The answer must consist only of the lines in the records below from the line with "Thượng tọa Thích" to the line with "Säljer en marinblå", both included, copied word for word with every picture left out.

(Available records):
########################################
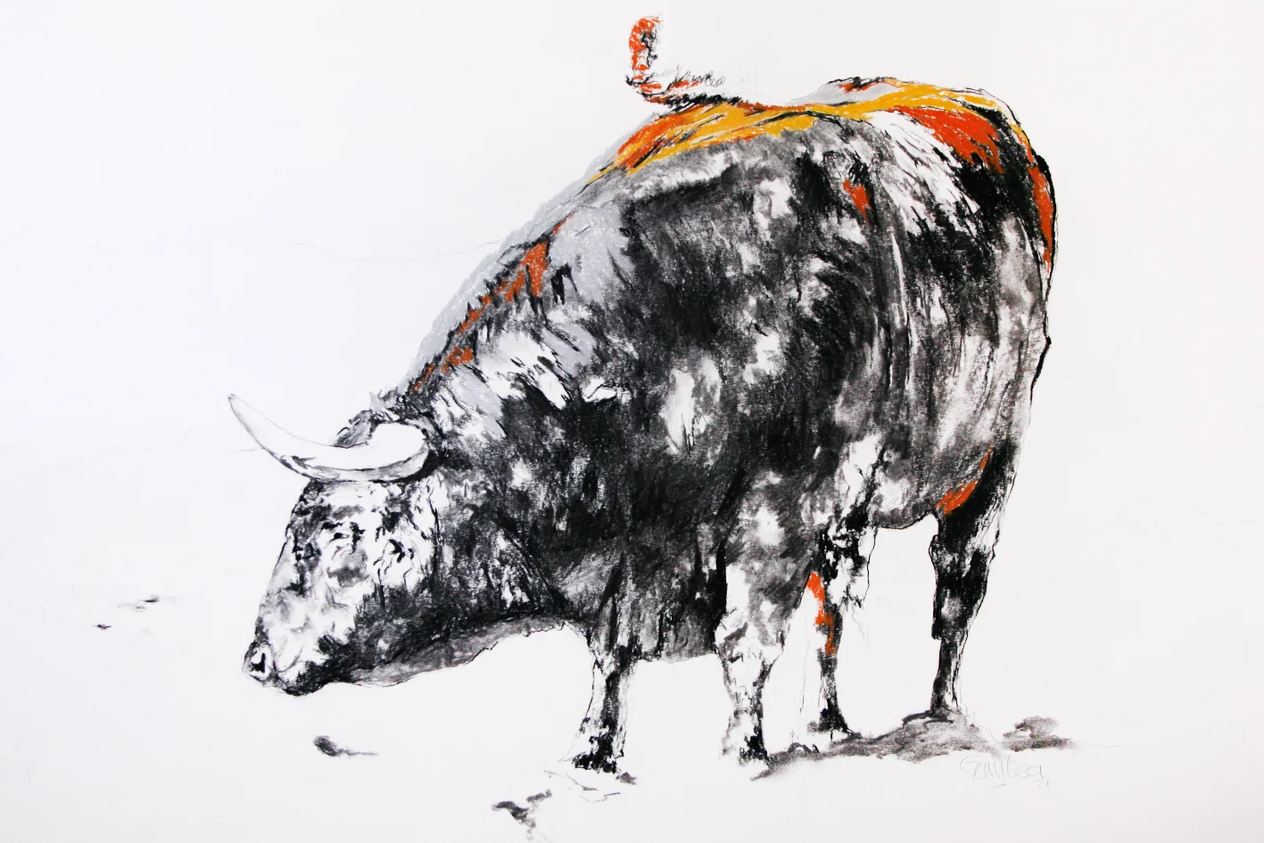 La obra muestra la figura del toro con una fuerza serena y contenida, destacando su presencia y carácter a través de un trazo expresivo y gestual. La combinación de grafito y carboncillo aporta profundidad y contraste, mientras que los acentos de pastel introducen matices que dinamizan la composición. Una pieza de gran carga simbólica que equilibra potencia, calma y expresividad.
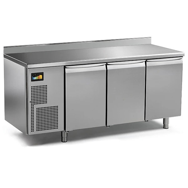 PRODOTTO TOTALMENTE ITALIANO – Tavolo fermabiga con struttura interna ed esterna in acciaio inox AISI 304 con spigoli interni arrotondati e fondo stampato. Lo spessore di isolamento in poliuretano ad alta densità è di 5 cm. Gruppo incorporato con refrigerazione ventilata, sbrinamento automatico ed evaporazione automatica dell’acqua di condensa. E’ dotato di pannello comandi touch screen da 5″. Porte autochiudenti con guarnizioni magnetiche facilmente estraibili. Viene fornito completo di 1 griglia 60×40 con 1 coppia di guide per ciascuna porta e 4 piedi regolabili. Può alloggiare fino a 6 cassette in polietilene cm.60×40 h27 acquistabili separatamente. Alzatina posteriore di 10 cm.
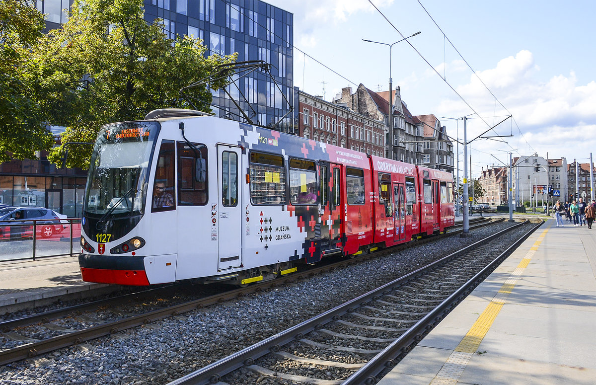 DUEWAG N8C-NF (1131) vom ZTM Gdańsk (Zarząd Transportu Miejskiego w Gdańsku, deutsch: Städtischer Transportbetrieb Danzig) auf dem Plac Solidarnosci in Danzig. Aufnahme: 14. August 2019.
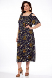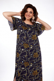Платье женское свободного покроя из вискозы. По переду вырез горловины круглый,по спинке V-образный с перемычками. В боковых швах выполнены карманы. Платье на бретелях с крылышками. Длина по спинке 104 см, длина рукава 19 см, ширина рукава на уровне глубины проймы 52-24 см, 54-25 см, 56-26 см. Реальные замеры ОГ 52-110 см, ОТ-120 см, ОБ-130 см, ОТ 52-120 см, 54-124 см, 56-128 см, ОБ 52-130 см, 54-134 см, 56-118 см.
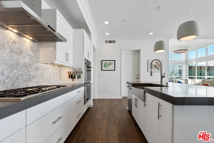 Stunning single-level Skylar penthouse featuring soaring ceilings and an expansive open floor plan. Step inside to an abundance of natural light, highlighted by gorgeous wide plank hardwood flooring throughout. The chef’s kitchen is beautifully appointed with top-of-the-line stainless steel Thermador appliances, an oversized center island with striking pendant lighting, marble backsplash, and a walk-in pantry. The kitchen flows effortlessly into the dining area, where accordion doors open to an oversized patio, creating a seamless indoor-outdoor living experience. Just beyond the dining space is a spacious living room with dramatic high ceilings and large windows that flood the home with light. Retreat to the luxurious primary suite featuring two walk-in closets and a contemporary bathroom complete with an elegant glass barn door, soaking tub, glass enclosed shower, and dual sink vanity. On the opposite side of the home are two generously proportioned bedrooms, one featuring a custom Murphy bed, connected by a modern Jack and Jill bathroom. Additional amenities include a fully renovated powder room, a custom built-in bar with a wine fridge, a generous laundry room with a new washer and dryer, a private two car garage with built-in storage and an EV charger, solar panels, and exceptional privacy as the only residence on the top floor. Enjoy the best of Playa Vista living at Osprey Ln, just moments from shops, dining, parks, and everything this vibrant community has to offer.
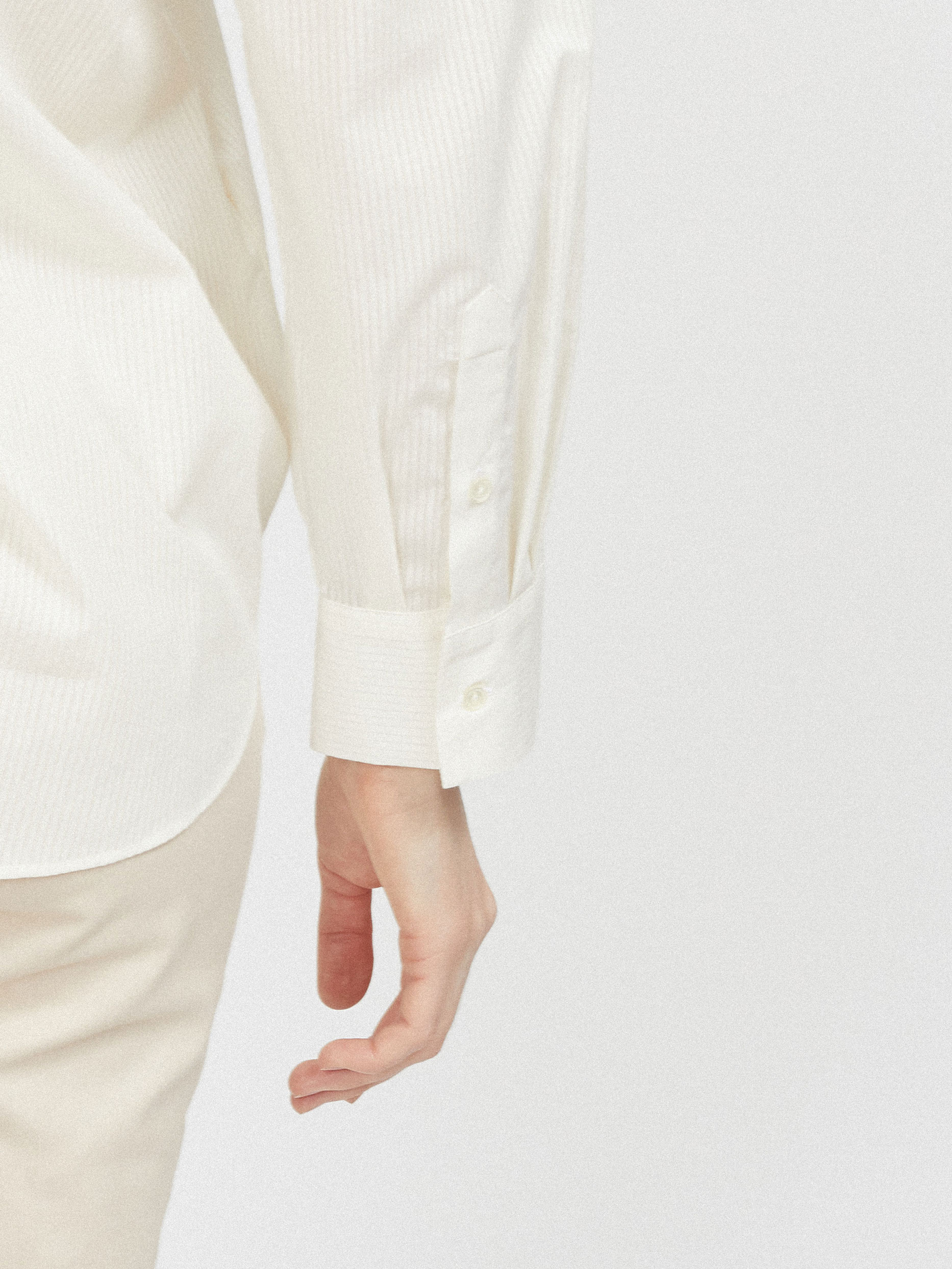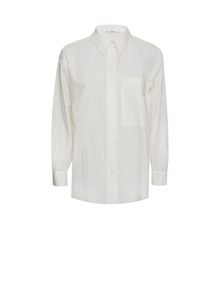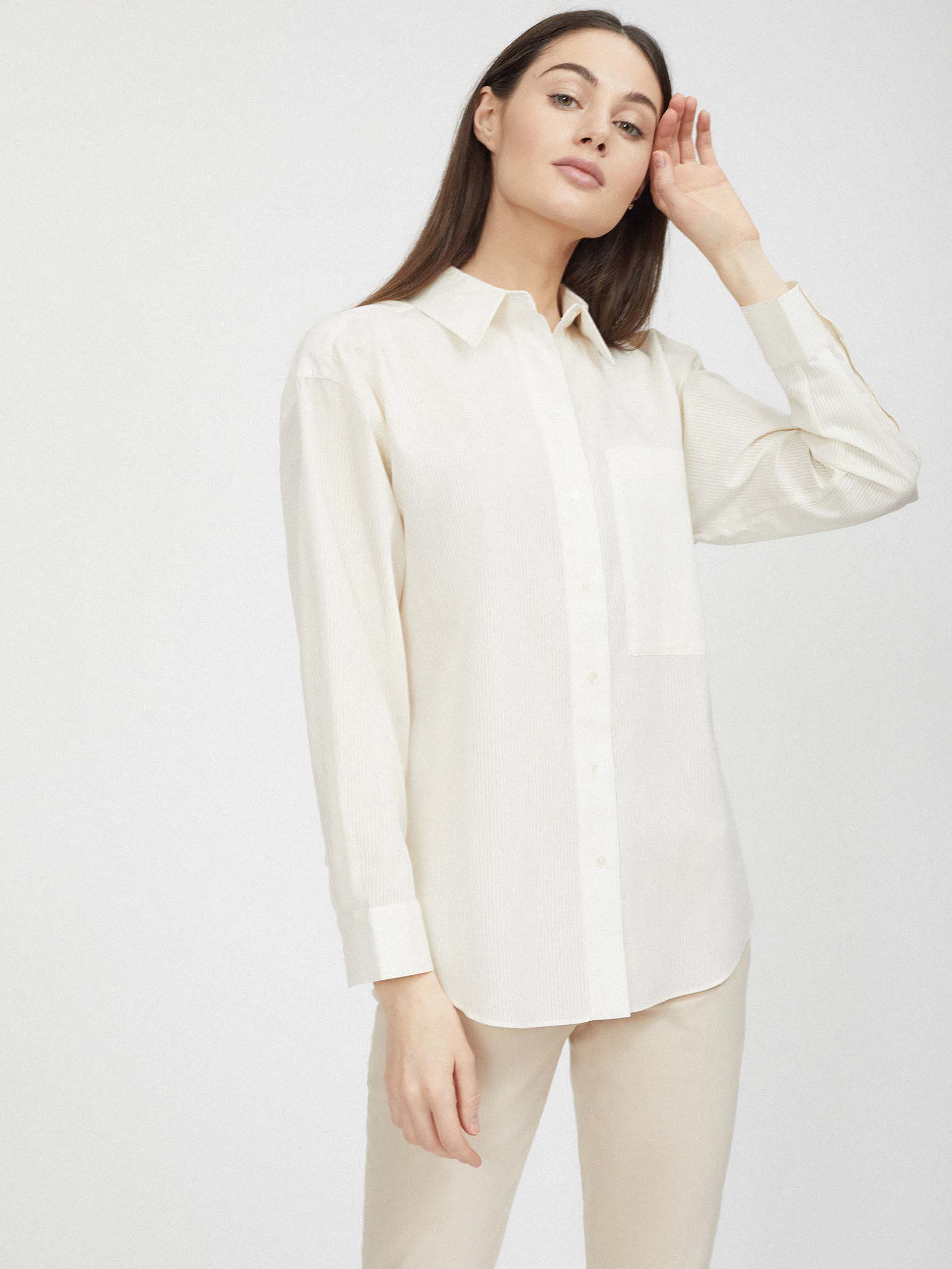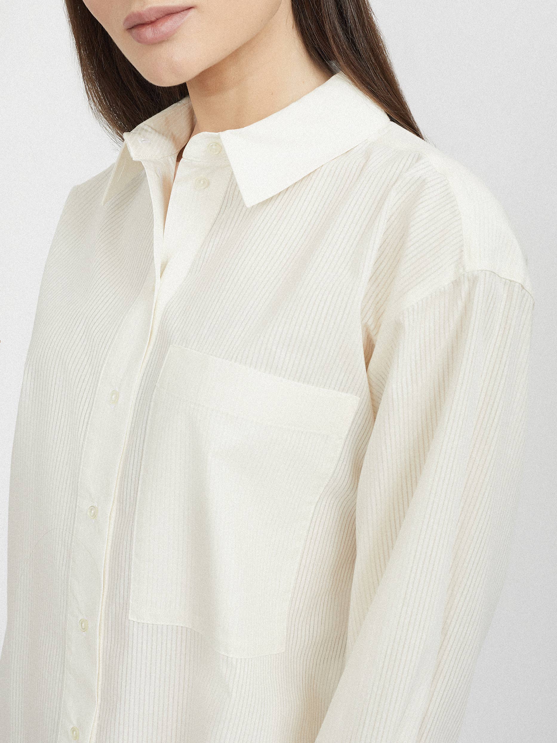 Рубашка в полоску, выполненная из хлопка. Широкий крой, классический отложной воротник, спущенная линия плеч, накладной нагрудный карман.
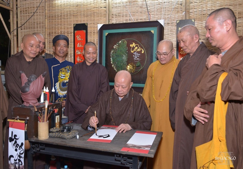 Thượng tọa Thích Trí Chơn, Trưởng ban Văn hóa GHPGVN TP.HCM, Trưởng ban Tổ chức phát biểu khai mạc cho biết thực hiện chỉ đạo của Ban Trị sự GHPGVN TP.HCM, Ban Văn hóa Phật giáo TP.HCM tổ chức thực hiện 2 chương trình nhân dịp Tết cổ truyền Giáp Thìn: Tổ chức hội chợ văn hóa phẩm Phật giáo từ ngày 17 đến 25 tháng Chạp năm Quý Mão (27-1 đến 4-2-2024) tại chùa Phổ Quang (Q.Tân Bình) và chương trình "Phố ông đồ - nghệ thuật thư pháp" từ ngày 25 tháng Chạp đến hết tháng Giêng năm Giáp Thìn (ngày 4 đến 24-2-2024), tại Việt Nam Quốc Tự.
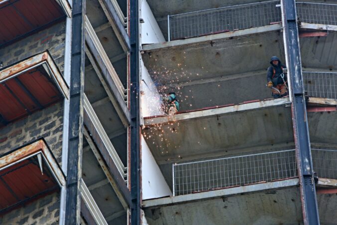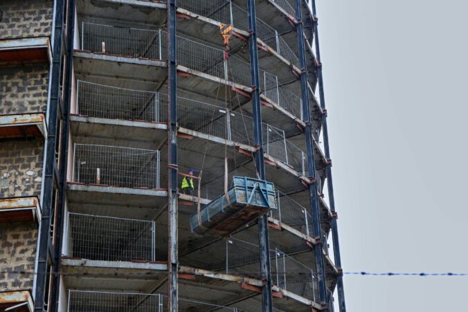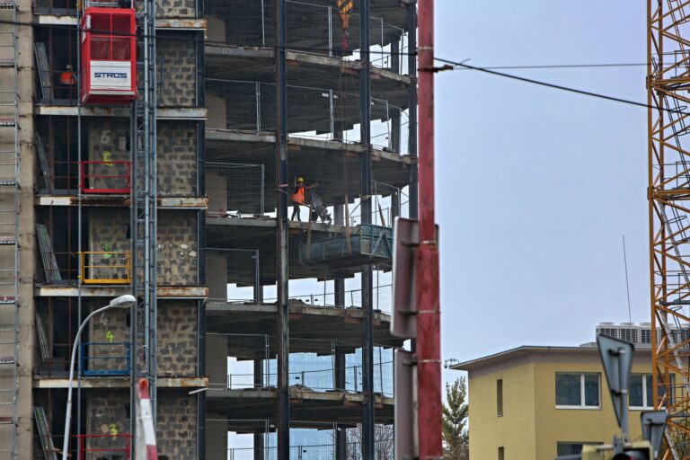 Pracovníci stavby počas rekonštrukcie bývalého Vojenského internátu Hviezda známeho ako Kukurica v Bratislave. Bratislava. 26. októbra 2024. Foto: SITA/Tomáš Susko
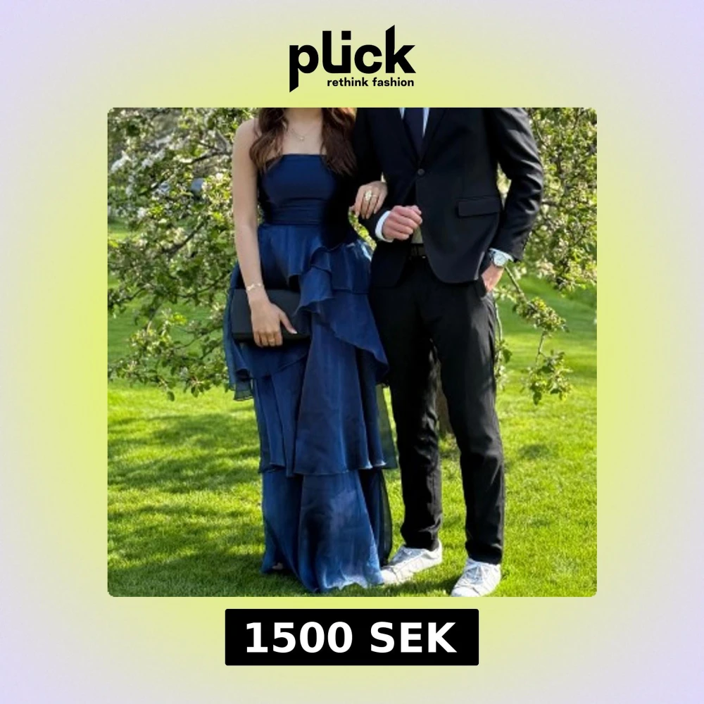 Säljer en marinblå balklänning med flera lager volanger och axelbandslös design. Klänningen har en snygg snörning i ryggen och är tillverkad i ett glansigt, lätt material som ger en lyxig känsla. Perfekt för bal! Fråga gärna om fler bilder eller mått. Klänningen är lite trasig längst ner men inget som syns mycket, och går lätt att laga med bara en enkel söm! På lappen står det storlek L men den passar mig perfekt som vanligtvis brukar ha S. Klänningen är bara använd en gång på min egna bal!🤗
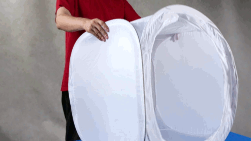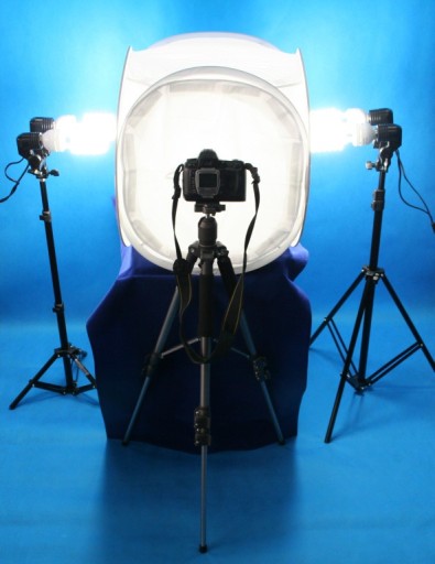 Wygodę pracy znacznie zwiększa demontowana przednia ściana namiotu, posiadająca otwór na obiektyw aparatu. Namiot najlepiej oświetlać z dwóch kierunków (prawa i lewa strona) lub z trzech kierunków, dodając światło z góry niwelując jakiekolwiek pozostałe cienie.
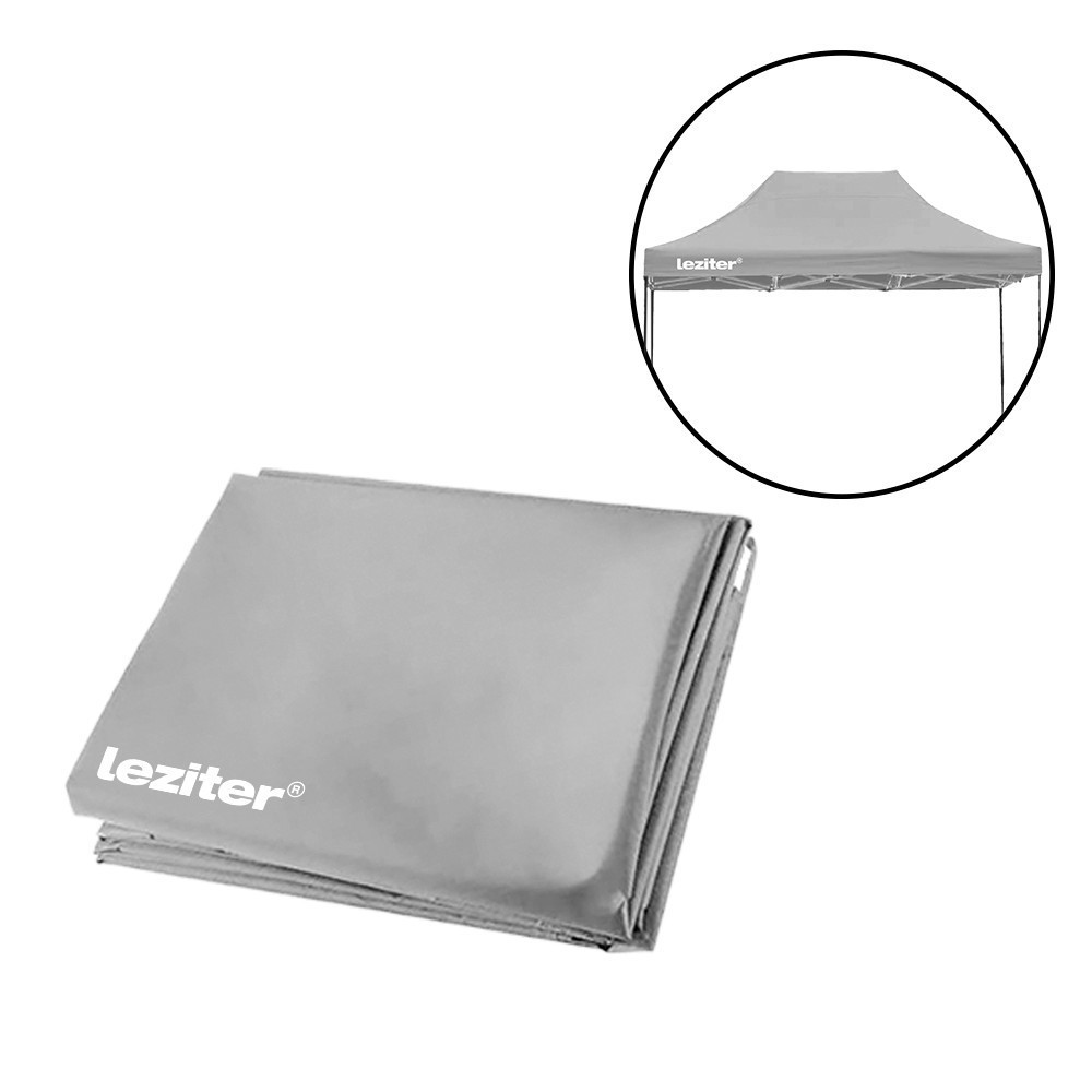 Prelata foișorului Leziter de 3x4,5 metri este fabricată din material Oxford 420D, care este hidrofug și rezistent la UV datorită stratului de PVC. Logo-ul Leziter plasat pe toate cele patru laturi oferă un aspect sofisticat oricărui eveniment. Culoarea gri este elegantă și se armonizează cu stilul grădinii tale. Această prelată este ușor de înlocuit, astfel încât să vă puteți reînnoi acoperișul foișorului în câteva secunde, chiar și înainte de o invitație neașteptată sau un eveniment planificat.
########################################
(Finished exercise):
 Thượng tọa Thích Trí Chơn, Trưởng ban Văn hóa GHPGVN TP.HCM, Trưởng ban Tổ chức phát biểu khai mạc cho biết thực hiện chỉ đạo của Ban Trị sự GHPGVN TP.HCM, Ban Văn hóa Phật giáo TP.HCM tổ chức thực hiện 2 chương trình nhân dịp Tết cổ truyền Giáp Thìn: Tổ chức hội chợ văn hóa phẩm Phật giáo từ ngày 17 đến 25 tháng Chạp năm Quý Mão (27-1 đến 4-2-2024) tại chùa Phổ Quang (Q.Tân Bình) và chương trình "Phố ông đồ - nghệ thuật thư pháp" từ ngày 25 tháng Chạp đến hết tháng Giêng năm Giáp Thìn (ngày 4 đến 24-2-2024), tại Việt Nam Quốc Tự.
 Pracovníci stavby počas rekonštrukcie bývalého Vojenského internátu Hviezda známeho ako Kukurica v Bratislave. Bratislava. 26. októbra 2024. Foto: SITA/Tomáš Susko
 Säljer en marinblå balklänning med flera lager volanger och axelbandslös design. Klänningen har en snygg snörning i ryggen och är tillverkad i ett glansigt, lätt material som ger en lyxig känsla. Perfekt för bal! Fråga gärna om fler bilder eller mått. Klänningen är lite trasig längst ner men inget som syns mycket, och går lätt att laga med bara en enkel söm! På lappen står det storlek L men den passar mig perfekt som vanligtvis brukar ha S. Klänningen är bara använd en gång på min egna bal!🤗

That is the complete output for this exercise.